◆ **ACTIVITY**:
In the entries that follow, find the line containing "This sweatshirt features" and the line containing "In the examples", then copy exactly everything from the first through the second except the pictures.

◆ **MATERIAL PROVIDED**:
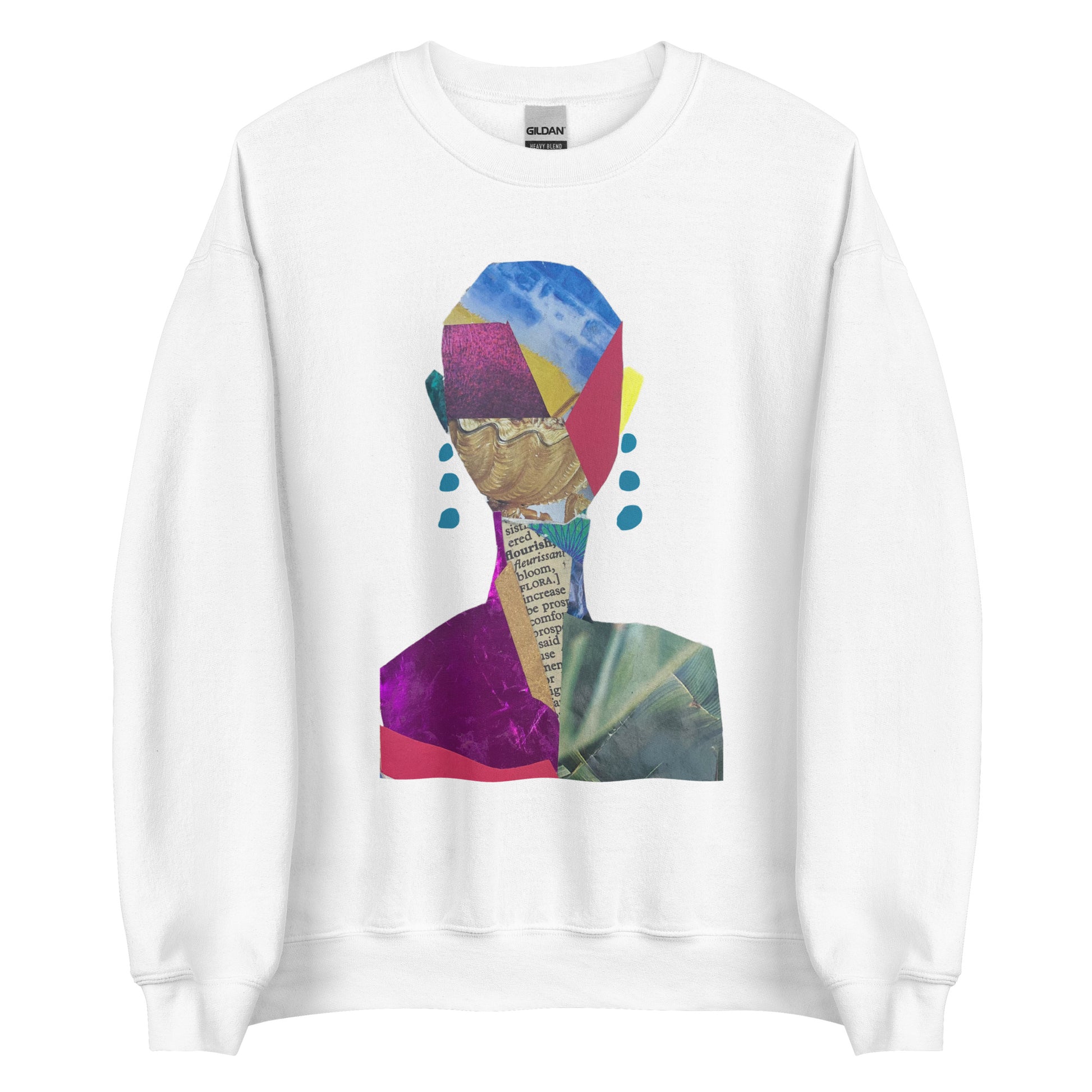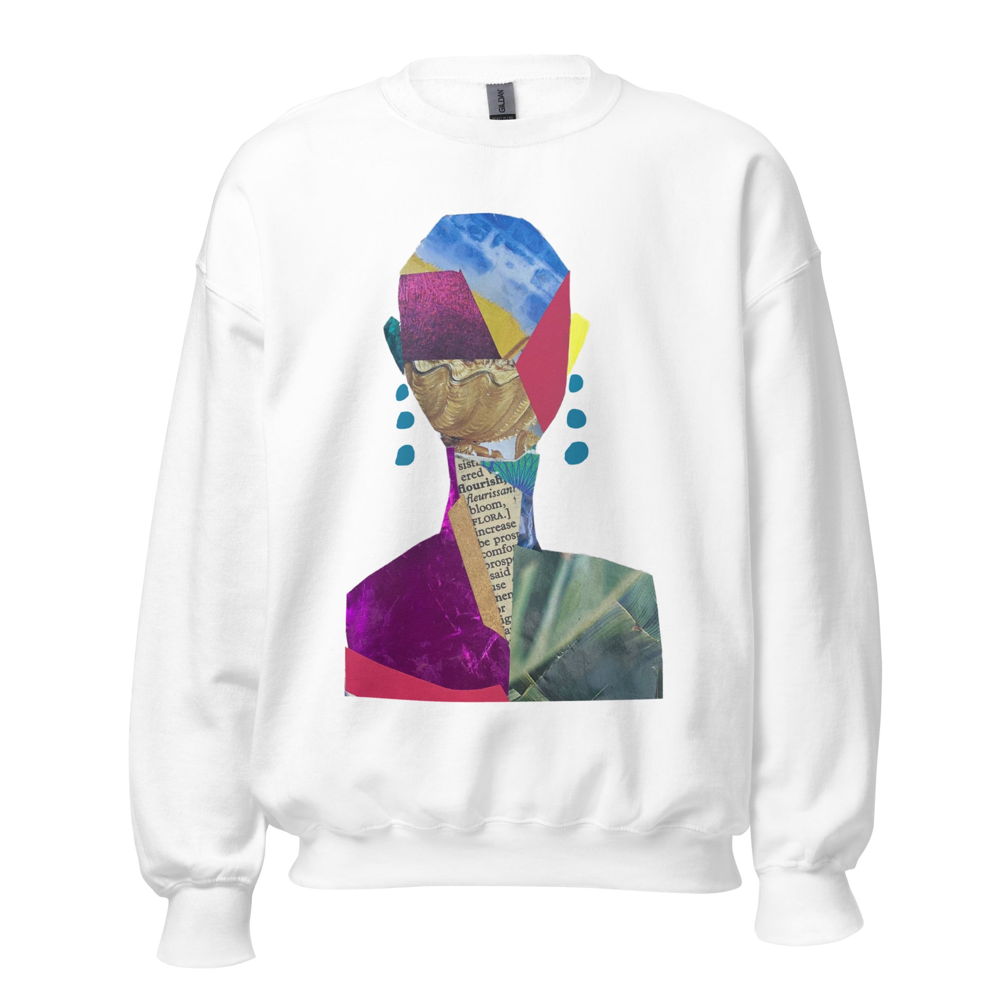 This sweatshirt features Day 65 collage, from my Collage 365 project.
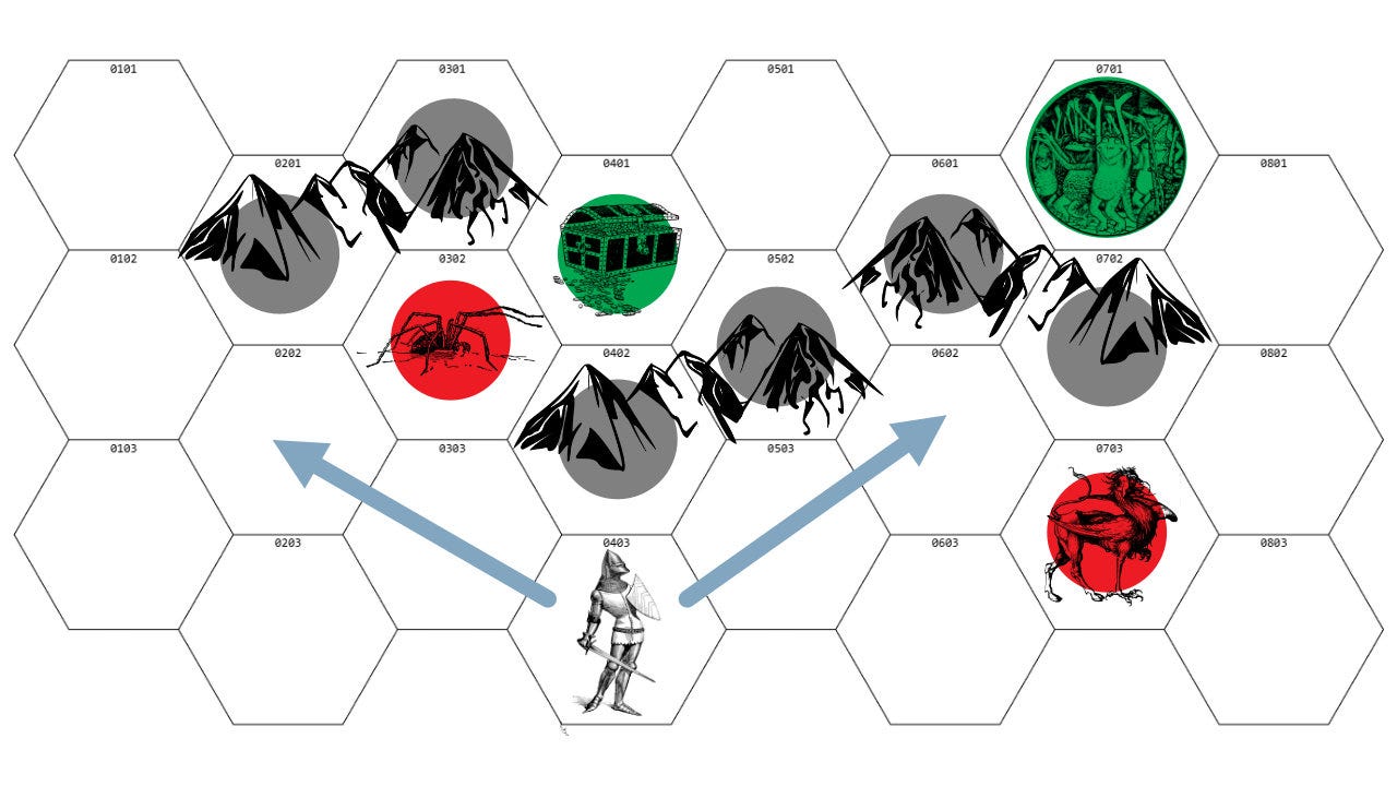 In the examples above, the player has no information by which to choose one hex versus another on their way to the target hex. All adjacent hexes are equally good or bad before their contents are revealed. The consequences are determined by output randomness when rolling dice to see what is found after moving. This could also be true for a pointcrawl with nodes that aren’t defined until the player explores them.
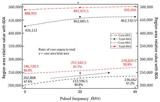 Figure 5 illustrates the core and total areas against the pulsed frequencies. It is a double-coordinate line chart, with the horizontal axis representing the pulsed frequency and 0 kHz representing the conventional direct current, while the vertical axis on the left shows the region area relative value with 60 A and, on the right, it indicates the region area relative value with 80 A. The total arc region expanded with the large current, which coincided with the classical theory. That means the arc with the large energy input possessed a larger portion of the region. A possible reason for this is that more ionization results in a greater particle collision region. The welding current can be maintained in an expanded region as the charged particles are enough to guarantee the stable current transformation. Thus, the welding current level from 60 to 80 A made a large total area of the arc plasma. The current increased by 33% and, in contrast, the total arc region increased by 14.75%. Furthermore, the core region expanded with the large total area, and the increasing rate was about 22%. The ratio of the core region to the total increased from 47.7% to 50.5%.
--
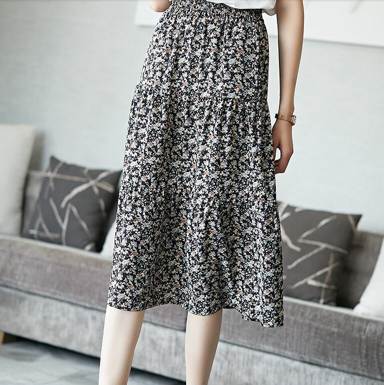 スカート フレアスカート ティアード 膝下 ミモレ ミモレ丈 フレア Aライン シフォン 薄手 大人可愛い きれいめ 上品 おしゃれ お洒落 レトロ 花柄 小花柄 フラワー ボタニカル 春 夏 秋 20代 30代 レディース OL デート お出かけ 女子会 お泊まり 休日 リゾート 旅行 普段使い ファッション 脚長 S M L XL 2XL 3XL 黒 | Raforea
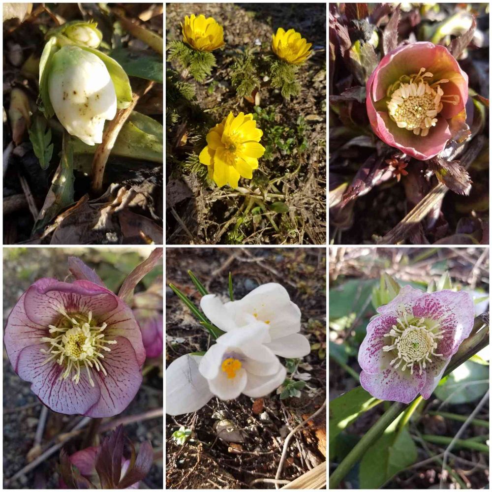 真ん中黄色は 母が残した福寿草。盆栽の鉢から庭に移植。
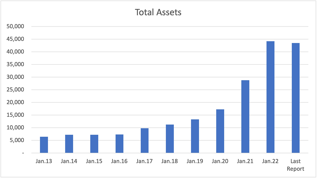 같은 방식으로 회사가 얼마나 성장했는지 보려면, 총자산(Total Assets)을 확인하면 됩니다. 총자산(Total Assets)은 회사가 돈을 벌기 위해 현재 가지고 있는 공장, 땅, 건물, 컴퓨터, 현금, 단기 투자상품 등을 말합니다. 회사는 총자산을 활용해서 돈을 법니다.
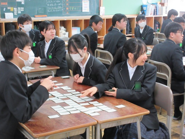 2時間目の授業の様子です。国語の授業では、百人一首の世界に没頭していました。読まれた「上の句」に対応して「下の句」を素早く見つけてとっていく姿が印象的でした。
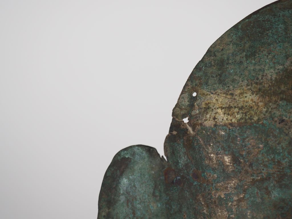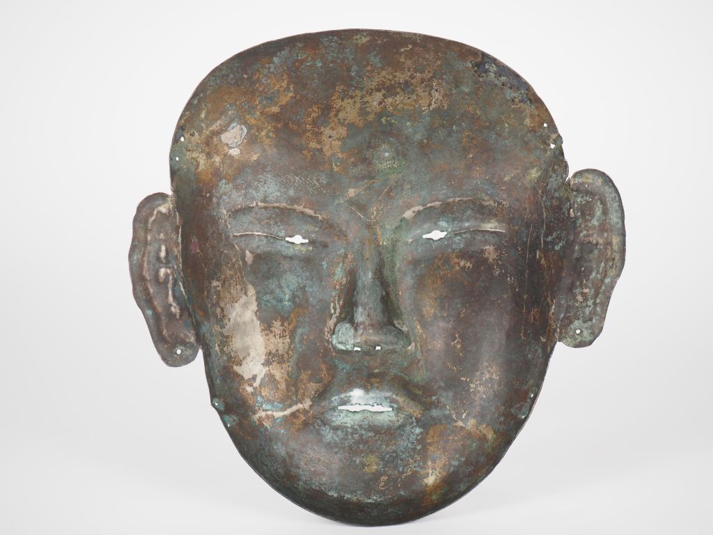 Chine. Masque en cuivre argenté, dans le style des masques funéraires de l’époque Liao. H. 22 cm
...
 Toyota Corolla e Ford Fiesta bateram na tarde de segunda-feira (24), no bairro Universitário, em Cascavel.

◆ **COMPLETED TASK**:
 This sweatshirt features Day 65 collage, from my Collage 365 project.
 In the examples above, the player has no information by which to choose one hex versus another on their way to the target hex. All adjacent hexes are equally good or bad before their contents are revealed. The consequences are determined by output randomness when rolling dice to see what is found after moving. This could also be true for a pointcrawl with nodes that aren’t defined until the player explores them.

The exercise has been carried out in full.